# I Finally Brought The Rusty Elgin Back To Life.



## incajoe (Apr 16, 2016)

I bought this Elgin last year at a tag sale for $40 and it's been sitting outside on my porch all winter. After bringing it to Copake yesterday where it found no love, I decided to do the most econo refurbish ever to bring it back to being a rider. I picked up the handlebars for $5, and the seat for $1. The tires and tubes were a donation from my buddy. I found a chain guard for $5 which I still have to mount. Today I spent a couple hours oiling, cleaning and coaxing it back to life  and the result I am finding, is total worthwhile. My guess is this bike hadn't been ridden in at least 40 years since the tires were literally rotting away.

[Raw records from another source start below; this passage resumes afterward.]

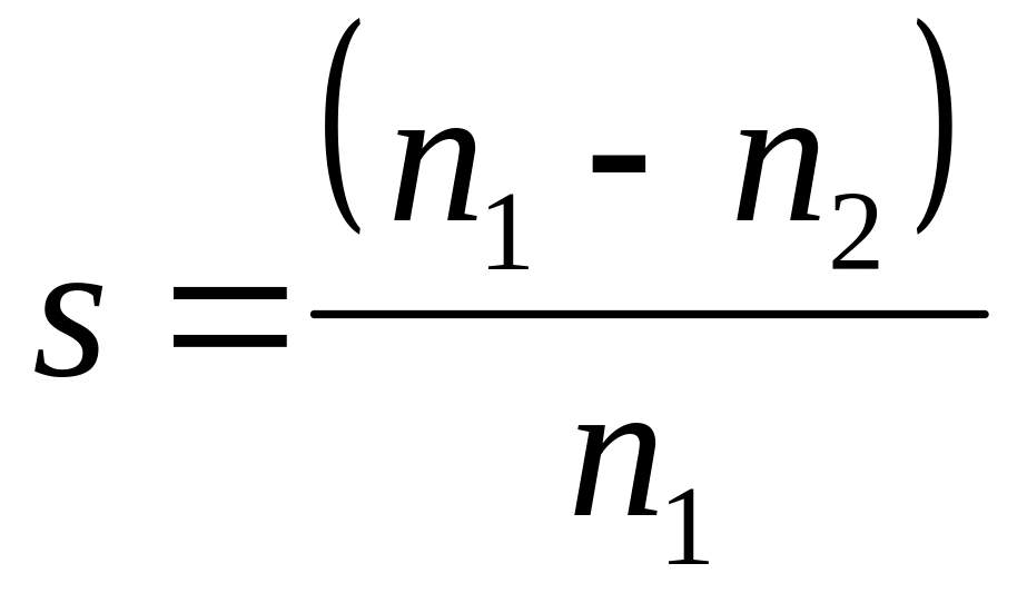 Величина, характеризующая степень отставания ротора от вращающегося магнитного поля статора, называется скольжением и определяется по формуле: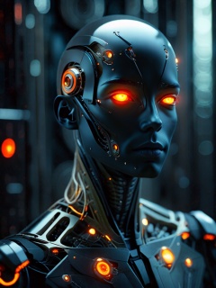 Close-up of a humanoid figure with a smooth face partially revealing intricate mechanical details beneath, glowing orange eye, and scattered sparks of light. Dark, moody background, blending human features with advanced technology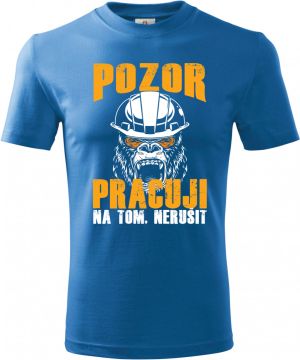 Trička s potiskem motivů Pozor, pracuji na tom!  Vtipné trika pro kamarády. Ideální dárek pro tatínka, dědečka…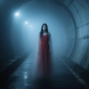 深夜、車のヘッドライトに照らし出された暗いトンネルの中、不意に赤い服を着た女が姿が現れると言われており、その姿は、車に向かって駆け寄ってくる、あるいは、ただじっとこちらを見つめているなど、様々なバリエーションで語られています。あまりの恐怖に運転を誤り、事故を起こしかけたという体験談も後を絶ちません。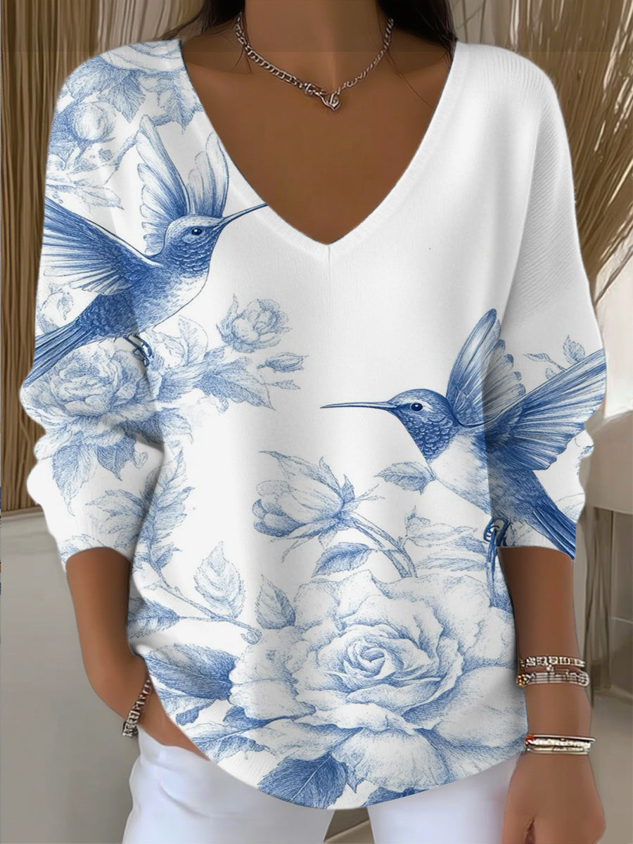 Dámské elegantní modrý kolibrík a růžový svetr v krku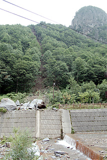 2003夏・罪滅ぼしの旅 ― 運転手+添乗員+カメラマン ― 阿寒への恐怖体験 昼頃には層雲峡に下りてきた。ロープウェイの篭から出る際、目に入ったのが新しい落石であった。大きな岩が砕け、川岸の柵や駐車してある自動車がメチャメチャに壊れている。8/10の早朝5時半頃、雨で地盤が緩んだ斜面をごろごろと落石したらしい。この台風10号の影響で日高・十勝地方など、北海道にもかなりの被害が出たが、この落石も台風の影響だ。大自然の力の前に成す術なしという様だった。気を取り直して昼食に麓のラーメン屋でバターコーンラーメンを注文する。これから最終宿泊地の阿寒湖畔に向かうのである。ここで予想もしない恐怖の体験をすることになった。
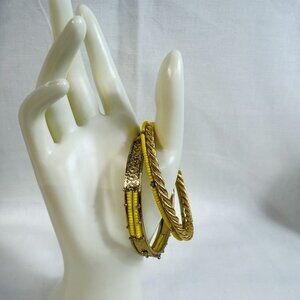 Set of 3 Gold Tone Bangle Bracelets with Yellow Seed Bead Accents – Textured & Twisted Designs

The pedals disintegrated within 1 minute of riding so I stole a pair off an old Rollfast that was sitting behind my shed. So for the whopping sum of $56 I now have something that I will thoroughly enjoy riding on the bike paths.


----------



## OMBAC-RAT (Apr 16, 2016)

Very Nice!!!!




incajoe said:


> I bought this Elgin last year at a tag sale for $40 and it's been sitting outside on my porch all winter. After bringing it to Copake yesterday where it found no love, I decided to do the most econo refurbish ever to bring it back to being a rider. I picked up the handlebars for $5, and the seat for $1. The tires and tubes were a donation from my buddy. I found a chain guard for $5 which I still have to mount. Today I spent a couple hours oiling, cleaning and coaxing it back to life  and the result I am finding, is total worthwhile. My guess is this bike hadn't been ridden in at least 40 years since the tires were literally rotting away. The pedals disintegrated within 1 minute of riding so I stole a pair off an old Rollfast that was sitting behind my shed. So for the whopping sum of $56 I now have something that I will thoroughly enjoy riding on the bike paths.View attachment 305964View attachment 305965View attachment 305966View attachment 305967View attachment 305968


----------



## Intense One (Apr 16, 2016)

incajoe said:


> I bought this Elgin last year at a tag sale for $40 and it's been sitting outside on my porch all winter. After bringing it to Copake yesterday where it found no love, I decided to do the most econo refurbish ever to bring it back to being a rider. I picked up the handlebars for $5, and the seat for $1. The tires and tubes were a donation from my buddy. I found a chain guard for $5 which I still have to mount. Today I spent a couple hours oiling, cleaning and coaxing it back to life  and the result I am finding, is total worthwhile. My guess is this bike hadn't been ridden in at least 40 years since the tires were literally rotting away. The pedals disintegrated within 1 minute of riding so I stole a pair off an old Rollfast that was sitting behind my shed. So for the whopping sum of $56 I now have something that I will thoroughly enjoy riding on the bike paths.View attachment 305964View attachment 305965View attachment 305966View attachment 305967View attachment 305968



That's my kind of bike....and budget!   Nice job!


----------



## syclesavage (Apr 21, 2016)

Please take a hammer and dolly to those fenders.


----------



## rusty.kirkpatrick (Apr 21, 2016)

Whoa, I'd buy that for 56$ all day! Came out nice dude.


----------